Exercise
Would you return exactly the lines below from the line with "Beige vest from" through the line with "도파민 긴 단색 실크", both included, and nothing else, leaving out the pictures?

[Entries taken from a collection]
####################
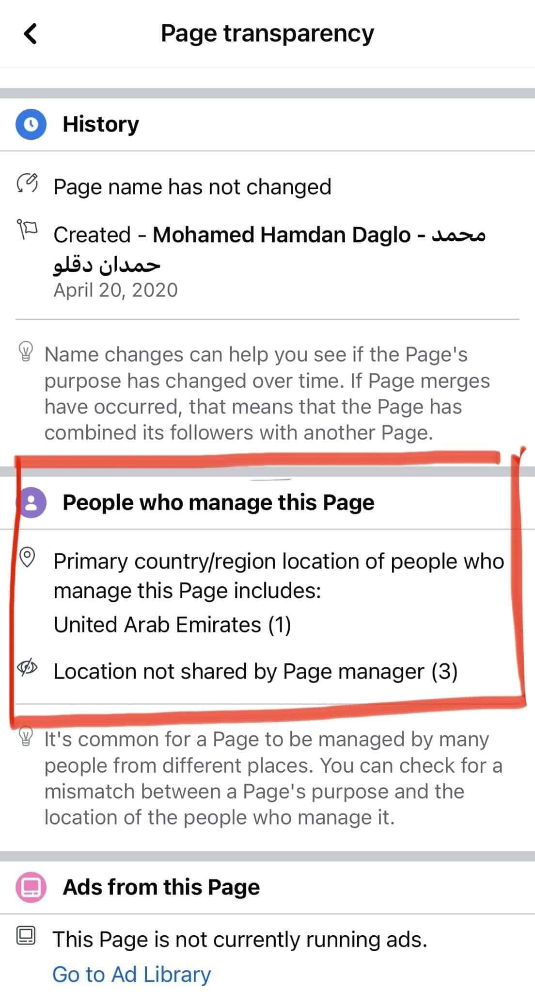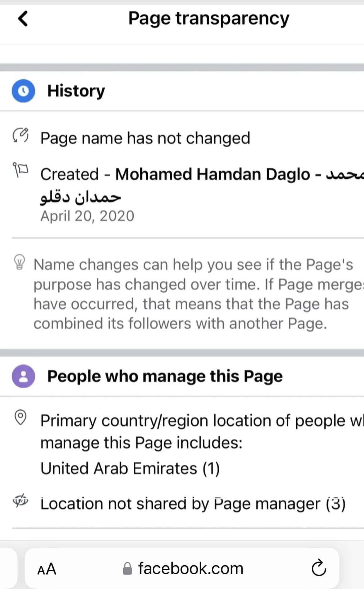 وفي إطار الخدمة التي يقدّمها موقع “فيسبوك”، اتّضح أنّ الصفحة الخاصة بقائد قوات الدعم السريع تدار من الإمارات، وهو ما أكدته عملية البحث التي قامت بها “وطن“.
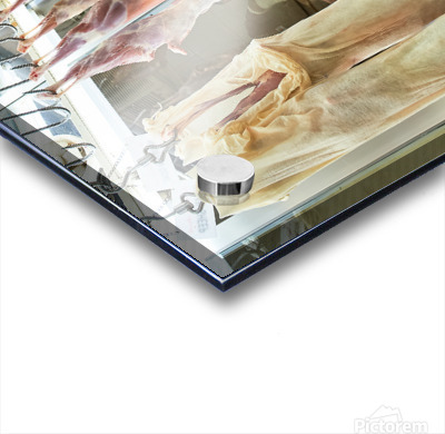 Butcher works in meat market in Dubai with hanging meat Picture Frame Printing
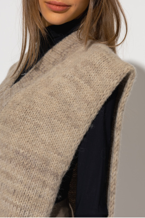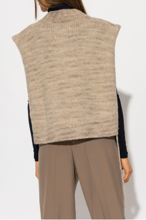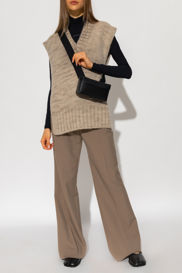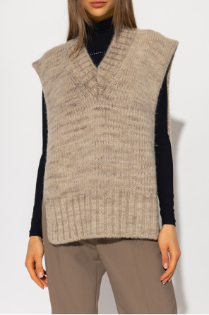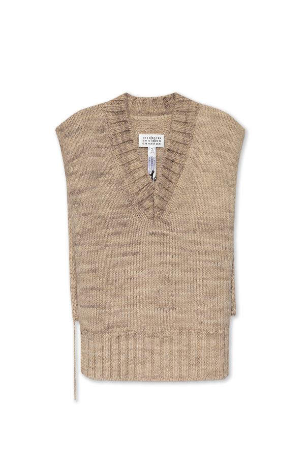 Beige vest from Maison Margiela. Made of an alpaca, cotton and wool blend, this V-neck design features a tie on the side, white logo embroidery at the back and ribbed trims at the neck and hem.
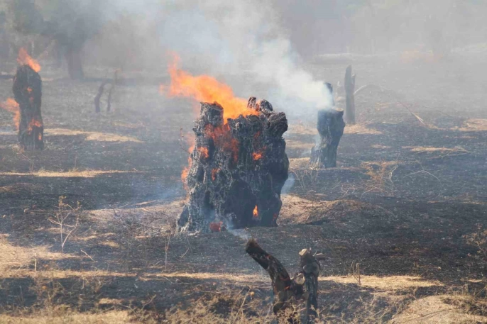 Bölgedeki güçlü rüzgar, alevlerin kısa sürede geniş bir alanı kaplamasına neden oldu. Yangın, yakınlardaki bir hayvan çiftliğini de tehdit etti. Durumu fark eden vatandaşlar, 112 Acil Çağrı Merkezi'ne ihbarda bulundu.
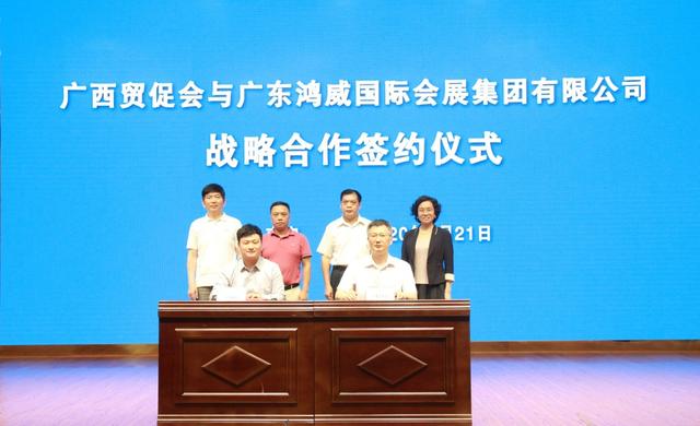 5月21日,广西贸促会与广东鸿威国际会展集团有限公司签署战略合作协议,双方协定于2020~2022三年间围绕会展业开展深度战略合作,联合举办优质会展活动,共同培育打造会展品牌,共同开展会展人才培训,携手布局国内外市场,为优化广西会展业战略布局、促进广西会展业高质量发展、深化东融合作、实现产城融合作出积极努力。双方首批合作项目包括清洁能源、纺织产业方面的博览会等。
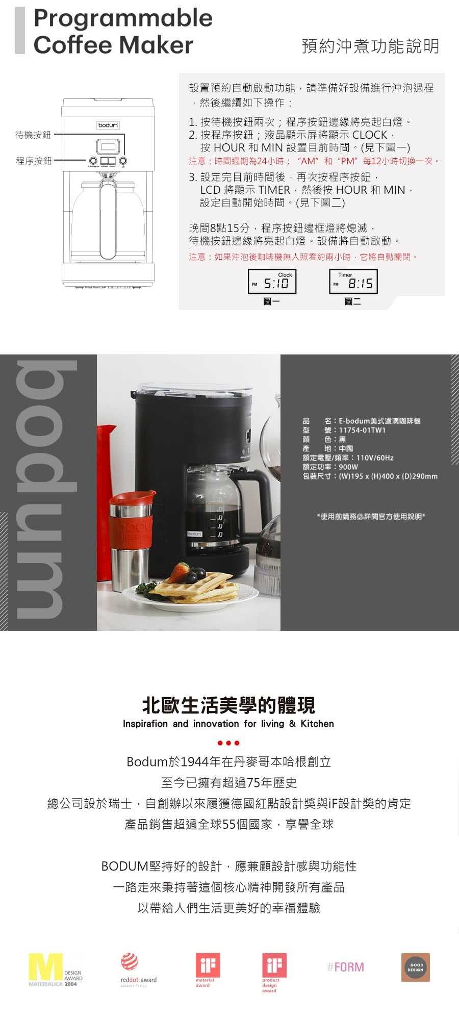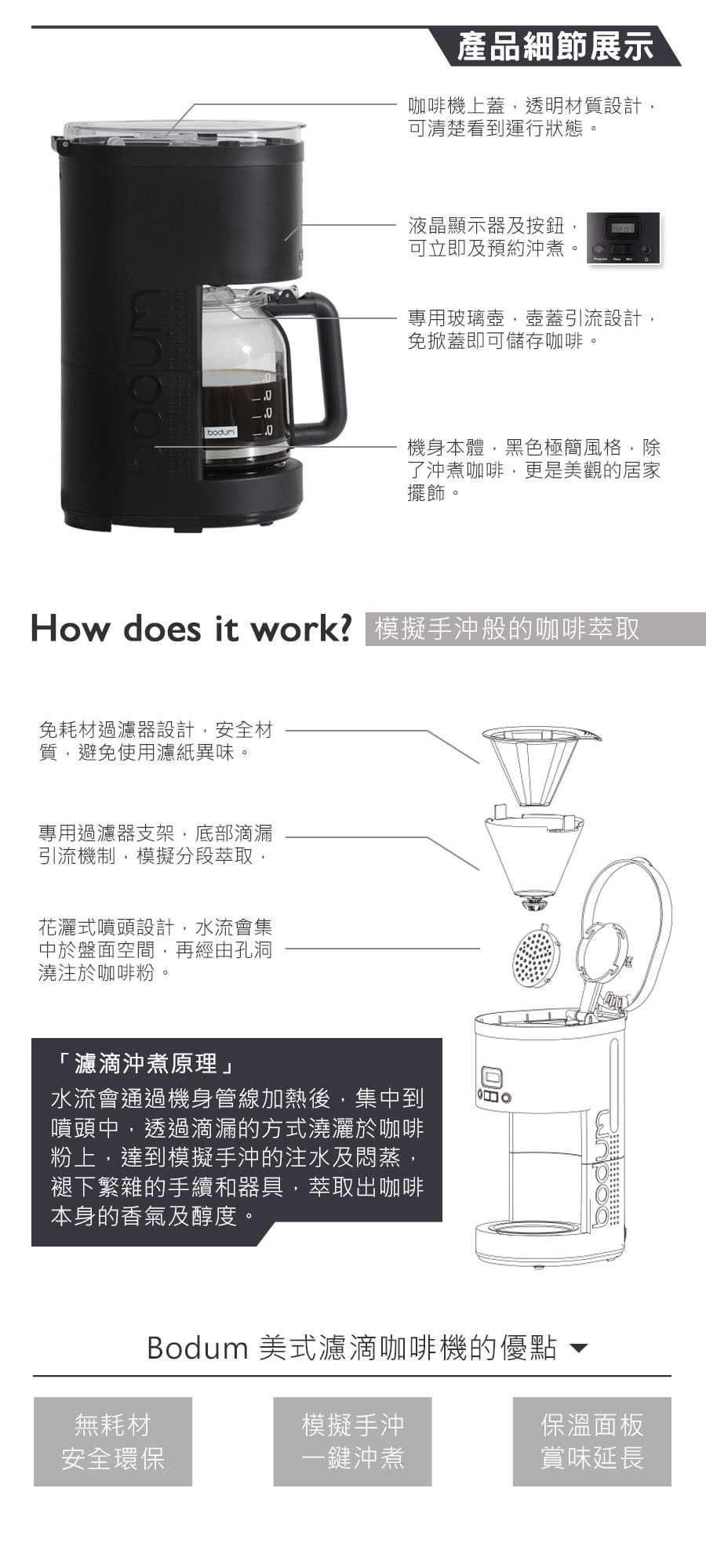 Bodum 美式濾滴咖啡機 11754-01TW1 花灑噴頭設計 可24小時預約沖煮
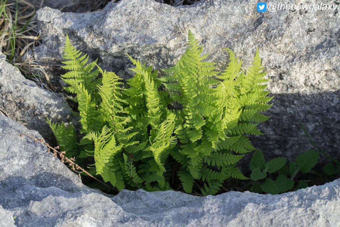 Our meandering walk around Hutton Roof will feature other rare botanical treasures, including elegant Angular Solomon's Seal Polygonatum odoratum, statuesque Rigid Buckler Fern Dryopteris submontana, and the regional endemic shrub Lancaster Whitebeam.
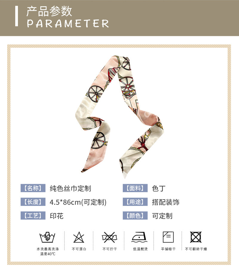 도파민 긴 단색 실크 스카프 모방 실크 넥타이 헤어 밴드 세딘 체인 조항 목도리 스카프 국경 도매
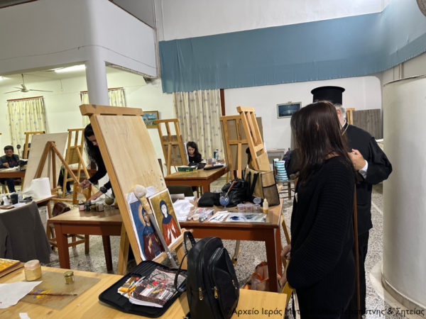 Τον Σεβασμιώτατο υποδέχθηκε και καλοσώρισε ο υπεύθυνος Δάσκαλος Αγιογραφίας και Ψηφιδωτού κ. Νικόλαος Γρινιεζάκης, ο οποίος παρουσίασε τους μαθητές και τα έργα τους.
####################
Your response
 Beige vest from Maison Margiela. Made of an alpaca, cotton and wool blend, this V-neck design features a tie on the side, white logo embroidery at the back and ribbed trims at the neck and hem.
 Bölgedeki güçlü rüzgar, alevlerin kısa sürede geniş bir alanı kaplamasına neden oldu. Yangın, yakınlardaki bir hayvan çiftliğini de tehdit etti. Durumu fark eden vatandaşlar, 112 Acil Çağrı Merkezi'ne ihbarda bulundu.
 5月21日,广西贸促会与广东鸿威国际会展集团有限公司签署战略合作协议,双方协定于2020~2022三年间围绕会展业开展深度战略合作,联合举办优质会展活动,共同培育打造会展品牌,共同开展会展人才培训,携手布局国内外市场,为优化广西会展业战略布局、促进广西会展业高质量发展、深化东融合作、实现产城融合作出积极努力。双方首批合作项目包括清洁能源、纺织产业方面的博览会等。
 Bodum 美式濾滴咖啡機 11754-01TW1 花灑噴頭設計 可24小時預約沖煮
 Our meandering walk around Hutton Roof will feature other rare botanical treasures, including elegant Angular Solomon's Seal Polygonatum odoratum, statuesque Rigid Buckler Fern Dryopteris submontana, and the regional endemic shrub Lancaster Whitebeam.
 도파민 긴 단색 실크 스카프 모방 실크 넥타이 헤어 밴드 세딘 체인 조항 목도리 스카프 국경 도매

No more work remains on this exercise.